Anda di halaman 1dari 10

MAKALAH KELOMPOK 3

ISLAM DAN ILMU PENGETAHUAN


(Ontologi Ilmu, Epistemologi, dan Aksiologi)
Makalah ini Disusun untuk Memenuhi Tugas Mata Kuliah Islam dan Ilmu Pengetahuan

Dosen Pengampu: Dr. Shobahussurur, M. Ag

Disusun Oleh:
Muhammad Syauqi ( 11221120000056)
Nadia Sa’diah Rachim ( 11221120000057)
Athari Ahmad Arrijalu ( 11221120000079)
Febi Indah Sandraeni ( 11221120000098)

JURUSAN ILMU POLITIK

FAKULTAS ILMU SOSIAL DAN ILMU POLITIK


UIN SYARIF HIDAYATULLAH JAKARTA 2023
KATA PENGANTAR
Puji syukur kehadirat Allah SWT yang telah memberikan rahmat dan hidayah-Nya
sehingga kami dapat menyusun makalah ini dengan lancar dan dapat diselesaikan dengan tepat
waktu sesuai dengan yang sudah ditentukan. Makalah ini berjudul “Ontologi Ilmu,
Epistemologi, dan Aksiologi”.

Penyusunan makalah ini bertujuan untuk memenuhi tugas Mata kuliah Islam dan Ilmu
Pengetahuan dari dosen pengampu mata kuliah. Selain itu, makalah ini juga bertujuan untuk
memberikan pengetahuan tambahan bagi kami sebagai penulis dan bagi para pembaca, karena
materi dari makalah ini berisi tentang pembelajaran islam dan Ilmu Pengetahuan.

Kami mengucapkan terima kasih kepada Bapak Dr. Shobahussurur, M.Ag., selaku dosen
mata kuliah Islam dan Ilmu Pengetahuan yang telah memeberikan tugas dan kami juga
mengucapkan terima kasih kepada semua pihak yang telah membagi sebagian pengetahuannya
sehingga kami dapat menyelesaikan makalah ini.
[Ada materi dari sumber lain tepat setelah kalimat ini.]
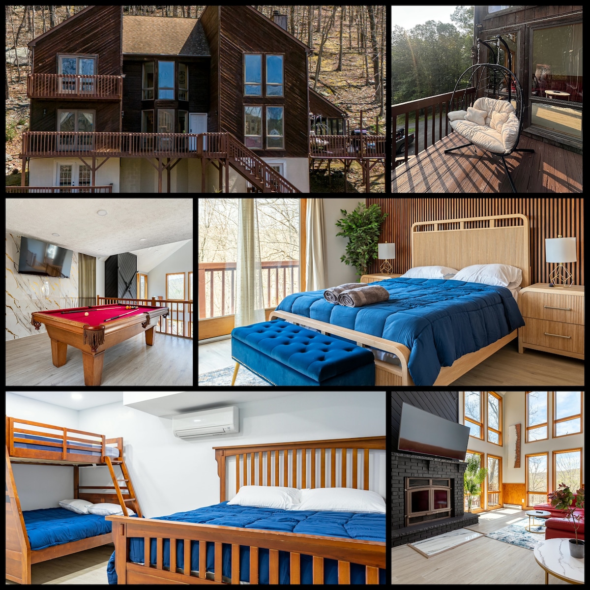 VÄNLIGEN VÄLJ "VISA MER" FÖR ATT SE VANLIGA FRÅGOR LÄNGST NED FÖR INFORMATION OM HUSDJURSPOLICY, VED OCH MER. Kom och bo i vår skogsfantasibostad i Poconos, där varje sovrum är inspirerat av årstiderna. Njut av det omgivande däcket, picknickbordet omgivet av träd och röken/grillen. Vi har tvättmaskin/torktumlare, fullt utrustat kök och 2 fulla badrum. Vi ligger i närheten av Bushkill Falls (10 min), Shawnee Mountain (15 min), Delaware Water Gap (20 min). Boendet ligger i ett gated community med många bekvämligheter för gäster.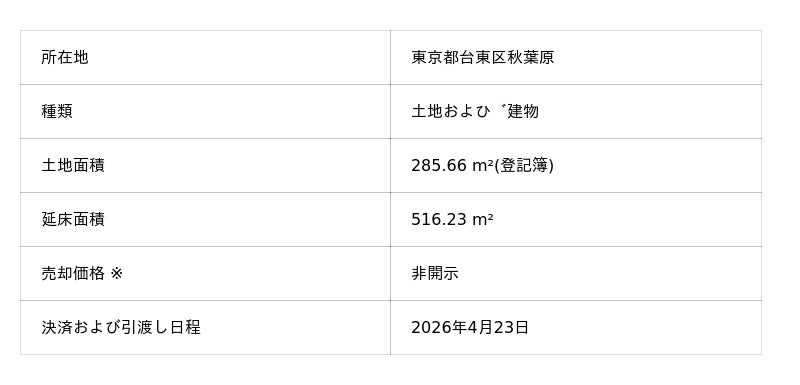 株式会社シーラホールディングス(本社:東京都渋谷区、代表取締役会長:杉本 宏之、証券コード:8887、以下「当社」)は、2026 年2月 13 日付け「販売用不動産の売却に関するお知らせ」にて公表した販売用不動産(以 下、「本件不動産」といいます。)につきまして、本日決済および物件の引渡しを完了しましたので、お知 らせいたします。

Kami menyadari, makalah yang kami tulis ini masih jauh dari kata sempurna. Oleh karena
itu, kami membutuhkan kritik dan saran yang bisa membangun kemampuan kami, supaya
kedepannya bisa menulis makalah dengan lebih baik lagi. Semoga makalah ini bermanfaat bagi
para pembaca, dan bagi kami khususnya sebagai penulis.

Jakarta, Maret 2023

Penulis

BAB I
PENDAHULUAN
A. Latar Belakang
Pada setiap kajian disiplin suatu ilmu, biasanya ada aspek-aspek tertentu yang
mendominasi bersifat mayor, disamping ada juga aspek lain yang yang akan menjadi aspek
pendukung yang bersifat minor. Terlebih lagi jika kajian ini membahas dari suatu induk.
Induk yang dimaksud di sini ialah induk pengetahuan itu sendiri atau sering disebut dengan
‘filsafat’, sebelum melahirkan turunannya yang kemudian menjadi berbagai cabang berbagai
disiplin ilmu pengetahuan.

Tiga hal tersebut itu adalah ontologi, epistemologi, dan aksiologi, akan selalu menjadi
prolog suatu pembahasan sehingga dapat membedakan akar suatu pembahasan dengan
pengetahuan yang melingkupi suatu akar pembahasan. Di banyak kesempatan sebagian orang
malah justru tiga pembahasan tersebut (ontology, epistemologi, dan aksiologi) diposisikan
sebagai tiga cabang dari filsafat itu sendiri.

Adapun ontologi dimaksud di sini adalah suatu kajian yang ditujukan untuk menjawab
pertanyaan “apa”, sehingga ini sangatlah mendasar dan awal sebelum membahas hal yang
lainnya. Pembahasan pertama dari tema apapun seharusnya diawali dengan menjawab “apa”,
sehingga akan teridentifikasi batasan-batasan apa yang menjadi kajiannya. Sementara
tahapan berikutnya adalah epistemologi, yaitu bagaimana mencari berbagai pengetahuan
yang berhubungan dan berkaitan terhadap jawaban “apa” yang dimaksud di kajian ontologi
seperti tersebut di atas.

Adapun langkah berikutnya adalah, tidak hanya cukup dengan mendefinisikan ‘apa
sesuatu’ itu tetapi harusnya melengkapi berbagai macam halnya tentang ‘sesuatu’ yang
sedang menjadi objek pembahasan. Oleh karena itu berbagai pengetahuan yang berkaitan
dengan ‘sesuatu’ yang sedang menjadi objek pembahasan menjadi target utama aspek
epistemologi ini, guna melahirkan suatu disiplin ilmu tertentu.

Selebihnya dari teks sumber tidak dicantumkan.